*DATA SECTION:*
*-*-*
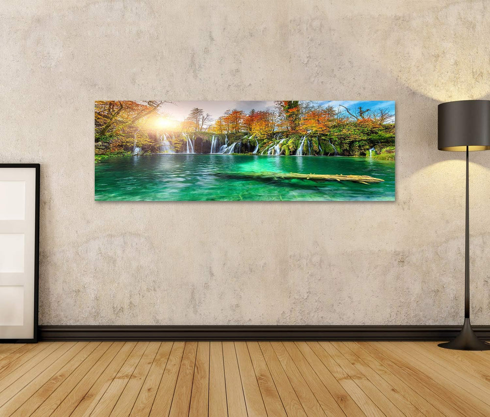 islandburner Bild auf Leinwand Bunte Aututmn Landschaft Wasserfälle Plitvice National Park Kroatien
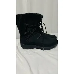 The Clarks Winter Boots Wave Walk in size 9.5 for women are a stylish and practical choice for the winter season. These black snow boots feature a waterproof leather upper and cozy faux fur lining, perfect for keeping your feet warm and dry in snowy weather. The Clarks brand is known for quality and comfort, making these boots a reliable option for cold and icy conditions. With their insulated design and durable outsole, these boots are sure to keep you comfortable and stylish all winter long.
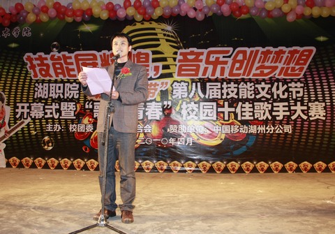 校党委副书记陈松源宣布了第六届技能文化节开幕。校团委副书记刘竞致开幕词,他指出,开办技能文化节的目的就是想通过校园文化活动这一载体,进一步活跃我们的校园文化氛围,为广大同学提供一个锻炼能力、展示个性魅力的舞台,借此来提高广大学生的综合素质,全面促进校园的精神文明建设。学生会主席邱立斌作为学生代表发言。
*-*-*
*PROBLEM:* Give the listing again word for word. Skip any pictures.

*THE COMPLETED TASK:*
 islandburner Bild auf Leinwand Bunte Aututmn Landschaft Wasserfälle Plitvice National Park Kroatien
 The Clarks Winter Boots Wave Walk in size 9.5 for women are a stylish and practical choice for the winter season. These black snow boots feature a waterproof leather upper and cozy faux fur lining, perfect for keeping your feet warm and dry in snowy weather. The Clarks brand is known for quality and comfort, making these boots a reliable option for cold and icy conditions. With their insulated design and durable outsole, these boots are sure to keep you comfortable and stylish all winter long.
 校党委副书记陈松源宣布了第六届技能文化节开幕。校团委副书记刘竞致开幕词,他指出,开办技能文化节的目的就是想通过校园文化活动这一载体,进一步活跃我们的校园文化氛围,为广大同学提供一个锻炼能力、展示个性魅力的舞台,借此来提高广大学生的综合素质,全面促进校园的精神文明建设。学生会主席邱立斌作为学生代表发言。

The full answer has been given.